We know that it's possible and even probable.

But can I ask you too, if you think we can be hit by such an object say, in the next hour?

My gripe is about people who go overboard in order to justify a position that, initially, could be a reasonable one, if fallacious arguments were not used in the process...
OmSigDAVID
 
  1  
Reply Sun 26 Jul, 2009 03:30 pm
@chai2,
chai2 wrote:

I'm much more worried about yellowstones caldera than any meteor.

that volcano blowing is, in geological terms, imminent.

I once asked a geologist (during a facinating conversation on a long plane flight) why we couldn't
drill vents to dissapate the pressure,
but that's not feasible.


Great minds think alike, Chai!
I was considering that too (with no expertise).





David
0 Replies
 
OmSigDAVID
 
  1  
Reply Sun 26 Jul, 2009 03:33 pm
@Francis,
Francis wrote:

I don't play silly games...
I gotta give u credit, Francis.
U bring new meaning to the definition of "silly".
0 Replies
 
OmSigDAVID
 
  1  
Reply Sun 26 Jul, 2009 03:51 pm
The topic of this thread addresses survival of our species,
or its abrupt demise. That s important.

Since the age of 11, I have believed that u shoud
not risk more than u r willing to lose
.

So far as I remember,
we have had at least 2 bulletburns (figuratively speaking)
of passing meteors within a few 1000 miles. I judge that risk to be unacceptable.

Qua defenses against gamma ray bursts,
it occurs to me that we shoud be thinking of subterrainean reserves
of humans and necessary resources. Its better than nothing.
Such underground facilities shoud include Martian colonies,
that possibly, with luck might be shielded by the sun from such bursts,
depending on the time of year.


I wonder whether politicians woud be eager
to take advantage of such natural disasters
to find excuses to screw us out of our personal liberty.
For instance, in NYC, we still have the sales tax
and rent control because of the emergency
circumstances of World War II. I guess that
when der Fuhrer eventually gives up, then
thay will be cancelled and our freedom therefrom will be restored.
0 Replies
 
BillRM
 
  1  
Reply Mon 27 Jul, 2009 04:52 am
@Francis,
And who here is going overboard on this thread?

Who had said that a planet killer is more then even odds at best for the whole remaining likely life time of the human race?
0 Replies
 
BillRM
 
  1  
Reply Mon 27 Jul, 2009 05:06 am
@Francis,
And can you prove that we can not get hit without warning!!!???

We are not covering the whole sky in any detail and fairly large objects if not planet/life killers size objects had indeed pass us before we had known about them in the last few years.
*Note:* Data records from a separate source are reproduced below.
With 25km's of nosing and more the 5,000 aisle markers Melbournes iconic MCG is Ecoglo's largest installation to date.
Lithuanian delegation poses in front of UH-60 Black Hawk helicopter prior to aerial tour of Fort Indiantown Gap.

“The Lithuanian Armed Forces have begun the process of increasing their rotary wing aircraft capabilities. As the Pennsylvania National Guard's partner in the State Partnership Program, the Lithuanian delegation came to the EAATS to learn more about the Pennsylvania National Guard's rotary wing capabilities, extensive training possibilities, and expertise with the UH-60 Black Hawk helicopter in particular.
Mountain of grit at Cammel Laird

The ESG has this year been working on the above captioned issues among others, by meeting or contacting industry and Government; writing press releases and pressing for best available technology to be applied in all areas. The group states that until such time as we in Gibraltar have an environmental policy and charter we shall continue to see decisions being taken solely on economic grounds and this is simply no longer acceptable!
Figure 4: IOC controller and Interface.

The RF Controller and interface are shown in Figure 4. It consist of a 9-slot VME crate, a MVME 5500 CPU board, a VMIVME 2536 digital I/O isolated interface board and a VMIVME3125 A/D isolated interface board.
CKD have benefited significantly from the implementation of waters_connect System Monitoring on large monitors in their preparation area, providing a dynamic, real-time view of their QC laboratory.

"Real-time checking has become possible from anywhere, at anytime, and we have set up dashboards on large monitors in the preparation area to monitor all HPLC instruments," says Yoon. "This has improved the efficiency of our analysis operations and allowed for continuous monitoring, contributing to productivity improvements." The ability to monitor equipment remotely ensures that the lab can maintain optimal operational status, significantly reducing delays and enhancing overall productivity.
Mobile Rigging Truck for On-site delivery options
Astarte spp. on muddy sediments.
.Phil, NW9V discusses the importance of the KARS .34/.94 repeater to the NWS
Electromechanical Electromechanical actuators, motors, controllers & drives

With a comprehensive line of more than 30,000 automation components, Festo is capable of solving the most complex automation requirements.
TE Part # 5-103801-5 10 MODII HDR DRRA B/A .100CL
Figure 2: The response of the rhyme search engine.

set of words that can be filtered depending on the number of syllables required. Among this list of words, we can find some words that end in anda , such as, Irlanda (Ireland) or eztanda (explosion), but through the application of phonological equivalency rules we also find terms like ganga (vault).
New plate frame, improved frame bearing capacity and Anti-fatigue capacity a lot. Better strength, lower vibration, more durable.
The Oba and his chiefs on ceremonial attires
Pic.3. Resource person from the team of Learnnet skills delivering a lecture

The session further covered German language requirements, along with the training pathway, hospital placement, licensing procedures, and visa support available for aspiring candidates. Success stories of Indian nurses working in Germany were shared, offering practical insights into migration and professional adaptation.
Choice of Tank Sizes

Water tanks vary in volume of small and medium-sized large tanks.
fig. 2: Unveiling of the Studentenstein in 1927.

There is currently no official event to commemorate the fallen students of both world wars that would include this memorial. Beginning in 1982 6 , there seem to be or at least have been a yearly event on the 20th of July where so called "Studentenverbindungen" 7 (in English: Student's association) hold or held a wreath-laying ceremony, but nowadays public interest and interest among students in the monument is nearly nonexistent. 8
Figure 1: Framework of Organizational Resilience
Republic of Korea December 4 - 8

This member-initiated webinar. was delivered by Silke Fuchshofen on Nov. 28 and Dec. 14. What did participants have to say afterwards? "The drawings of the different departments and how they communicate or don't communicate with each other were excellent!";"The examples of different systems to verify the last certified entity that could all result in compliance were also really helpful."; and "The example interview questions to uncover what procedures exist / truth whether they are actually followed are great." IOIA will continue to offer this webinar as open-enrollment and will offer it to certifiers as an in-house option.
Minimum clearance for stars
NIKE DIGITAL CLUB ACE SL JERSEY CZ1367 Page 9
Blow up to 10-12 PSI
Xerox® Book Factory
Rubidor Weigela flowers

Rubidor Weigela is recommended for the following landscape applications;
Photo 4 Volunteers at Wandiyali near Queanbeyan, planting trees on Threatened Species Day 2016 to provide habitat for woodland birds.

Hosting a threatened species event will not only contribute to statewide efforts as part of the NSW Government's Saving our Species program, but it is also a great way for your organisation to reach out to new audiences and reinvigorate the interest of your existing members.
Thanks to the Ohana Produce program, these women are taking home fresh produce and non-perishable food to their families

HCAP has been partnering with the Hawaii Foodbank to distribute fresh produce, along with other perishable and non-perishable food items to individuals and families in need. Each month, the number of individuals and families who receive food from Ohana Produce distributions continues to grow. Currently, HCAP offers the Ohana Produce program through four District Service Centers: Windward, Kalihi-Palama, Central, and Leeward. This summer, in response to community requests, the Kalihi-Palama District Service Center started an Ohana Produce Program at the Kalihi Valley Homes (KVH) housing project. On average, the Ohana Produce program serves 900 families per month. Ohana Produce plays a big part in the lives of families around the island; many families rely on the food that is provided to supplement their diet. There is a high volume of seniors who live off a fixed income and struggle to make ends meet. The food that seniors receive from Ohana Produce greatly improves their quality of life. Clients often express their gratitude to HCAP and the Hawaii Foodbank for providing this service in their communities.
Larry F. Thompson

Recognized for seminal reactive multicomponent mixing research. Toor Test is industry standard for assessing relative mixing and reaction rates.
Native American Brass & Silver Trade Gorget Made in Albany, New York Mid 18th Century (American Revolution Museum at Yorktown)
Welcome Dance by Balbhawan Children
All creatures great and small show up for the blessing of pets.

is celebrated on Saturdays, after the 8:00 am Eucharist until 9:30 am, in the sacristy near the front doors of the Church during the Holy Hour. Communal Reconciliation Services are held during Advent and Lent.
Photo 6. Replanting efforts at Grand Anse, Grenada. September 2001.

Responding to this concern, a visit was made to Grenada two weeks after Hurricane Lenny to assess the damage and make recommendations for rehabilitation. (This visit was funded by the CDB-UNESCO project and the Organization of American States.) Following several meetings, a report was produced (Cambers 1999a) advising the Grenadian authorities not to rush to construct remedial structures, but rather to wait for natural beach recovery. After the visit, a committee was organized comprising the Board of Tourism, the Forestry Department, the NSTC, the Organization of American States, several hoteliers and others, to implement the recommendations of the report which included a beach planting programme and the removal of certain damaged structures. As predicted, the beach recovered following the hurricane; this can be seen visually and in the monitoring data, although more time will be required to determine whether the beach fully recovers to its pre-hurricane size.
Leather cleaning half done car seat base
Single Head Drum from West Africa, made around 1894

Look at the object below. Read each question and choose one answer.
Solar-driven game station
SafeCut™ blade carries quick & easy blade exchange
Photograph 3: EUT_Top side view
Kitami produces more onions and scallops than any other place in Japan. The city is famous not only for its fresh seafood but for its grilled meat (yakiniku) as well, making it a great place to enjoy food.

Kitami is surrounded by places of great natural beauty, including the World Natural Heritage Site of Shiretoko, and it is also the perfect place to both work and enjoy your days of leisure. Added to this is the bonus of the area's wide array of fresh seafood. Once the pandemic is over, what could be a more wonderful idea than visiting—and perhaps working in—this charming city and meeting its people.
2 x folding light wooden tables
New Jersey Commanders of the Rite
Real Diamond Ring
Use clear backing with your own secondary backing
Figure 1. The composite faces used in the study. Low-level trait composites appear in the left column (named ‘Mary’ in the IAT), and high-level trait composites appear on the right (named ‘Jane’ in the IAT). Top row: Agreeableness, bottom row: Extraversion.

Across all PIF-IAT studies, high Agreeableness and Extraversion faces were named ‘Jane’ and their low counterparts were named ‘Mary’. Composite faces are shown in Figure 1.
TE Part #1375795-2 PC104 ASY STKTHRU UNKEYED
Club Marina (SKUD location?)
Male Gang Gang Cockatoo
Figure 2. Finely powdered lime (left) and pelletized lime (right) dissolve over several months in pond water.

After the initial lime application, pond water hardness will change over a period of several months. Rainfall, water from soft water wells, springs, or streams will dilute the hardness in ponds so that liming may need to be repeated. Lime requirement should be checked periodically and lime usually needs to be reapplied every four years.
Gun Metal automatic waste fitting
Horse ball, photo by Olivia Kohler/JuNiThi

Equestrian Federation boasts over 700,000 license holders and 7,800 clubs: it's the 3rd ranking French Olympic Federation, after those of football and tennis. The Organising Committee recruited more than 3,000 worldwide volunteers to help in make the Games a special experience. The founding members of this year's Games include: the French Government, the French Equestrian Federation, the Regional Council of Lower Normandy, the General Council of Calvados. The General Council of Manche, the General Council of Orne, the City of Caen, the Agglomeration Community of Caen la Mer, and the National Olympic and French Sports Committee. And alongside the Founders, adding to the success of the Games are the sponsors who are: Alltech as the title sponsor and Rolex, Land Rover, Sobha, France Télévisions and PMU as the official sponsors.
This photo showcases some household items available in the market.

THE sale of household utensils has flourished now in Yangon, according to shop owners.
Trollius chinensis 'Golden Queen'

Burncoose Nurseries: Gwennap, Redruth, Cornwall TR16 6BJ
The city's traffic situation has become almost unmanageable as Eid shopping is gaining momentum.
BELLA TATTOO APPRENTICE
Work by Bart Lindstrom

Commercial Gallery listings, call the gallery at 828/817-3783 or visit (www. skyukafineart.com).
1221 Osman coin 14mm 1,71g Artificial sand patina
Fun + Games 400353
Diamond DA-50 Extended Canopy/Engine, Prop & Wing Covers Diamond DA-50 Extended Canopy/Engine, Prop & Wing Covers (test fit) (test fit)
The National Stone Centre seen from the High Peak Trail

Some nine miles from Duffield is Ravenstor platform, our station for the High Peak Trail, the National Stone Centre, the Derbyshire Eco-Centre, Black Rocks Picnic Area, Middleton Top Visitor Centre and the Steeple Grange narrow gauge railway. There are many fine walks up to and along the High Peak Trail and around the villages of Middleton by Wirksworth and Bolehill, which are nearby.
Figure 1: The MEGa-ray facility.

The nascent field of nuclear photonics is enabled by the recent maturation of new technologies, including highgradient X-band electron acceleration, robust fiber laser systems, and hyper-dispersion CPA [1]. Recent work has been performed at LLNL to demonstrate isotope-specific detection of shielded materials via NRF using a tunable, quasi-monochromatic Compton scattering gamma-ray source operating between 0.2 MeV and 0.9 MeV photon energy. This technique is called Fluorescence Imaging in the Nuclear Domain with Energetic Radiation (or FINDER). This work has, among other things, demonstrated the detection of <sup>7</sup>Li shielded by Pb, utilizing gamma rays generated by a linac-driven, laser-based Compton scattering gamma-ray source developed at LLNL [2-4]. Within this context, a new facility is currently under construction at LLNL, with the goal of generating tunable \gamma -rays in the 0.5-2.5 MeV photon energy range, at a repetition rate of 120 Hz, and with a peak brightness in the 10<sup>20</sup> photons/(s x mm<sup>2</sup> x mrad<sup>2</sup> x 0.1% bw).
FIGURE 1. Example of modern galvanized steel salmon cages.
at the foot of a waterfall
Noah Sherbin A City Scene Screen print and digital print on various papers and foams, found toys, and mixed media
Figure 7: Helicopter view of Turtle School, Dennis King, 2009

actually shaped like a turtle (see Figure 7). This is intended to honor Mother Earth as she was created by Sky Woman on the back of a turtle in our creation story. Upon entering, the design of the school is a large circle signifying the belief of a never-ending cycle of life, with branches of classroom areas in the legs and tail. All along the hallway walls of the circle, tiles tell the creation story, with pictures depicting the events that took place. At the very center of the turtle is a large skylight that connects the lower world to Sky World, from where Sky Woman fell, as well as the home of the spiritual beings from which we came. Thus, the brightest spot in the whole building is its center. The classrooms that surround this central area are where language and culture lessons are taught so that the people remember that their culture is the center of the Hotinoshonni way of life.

And this is in areas of the sky where we do have eyes looking in some number not objects in out of plane objects in the south hemosphere
0 Replies
 
BillRM
 
  1  
Reply Mon 27 Jul, 2009 05:09 am
@rosborne979,
That's fine. That's what we're currently doing, and as I said in my post, I support it.
-----------------------------------------------------------------------------------------
We could spend at least double on the sky watch and try to fill in the areas where we are not currently monitoring,

It still would be a very small sum of money.
BillRM
 
  1  
Reply Mon 27 Jul, 2009 05:21 am
@Francis,
My gripe is about people who go overboard in order to justify a position that, initially, could be a reasonable one, if fallacious arguments were not used in the process...
-----------------------------------------------------------------
You do not care emotionally for the idea that we could get hit by a life killer size object currently with zero warning even if the odds are in the range of a super ball lottery win it would seem.

And yes I do not care emotionally either to have such an event happen without warning and the solution is roughly doubling the very small budget of our current sky watch program.

But to claim we now have complete coverage of all the possible approaches of a life killer object is complete nonsense.

Of course a super volcano could go off also with almost zero warning and there is not so simple a solution to get an advance warning in that case.
rosborne979
 
  1  
Reply Mon 27 Jul, 2009 05:43 am
@BillRM,
BillRM wrote:
We could spend at least double on the sky watch and try to fill in the areas where we are not currently monitoring

There's a lot of space out there. I'm sure we could spend an endless amount of money to cover "the areas where we are not currently monitoring".
Francis
 
  1  
Reply Mon 27 Jul, 2009 05:53 am
@BillRM,
Your inferences are just that, inferences.

Whatever your own convictions are based on, you seem to be unable to substantiate them.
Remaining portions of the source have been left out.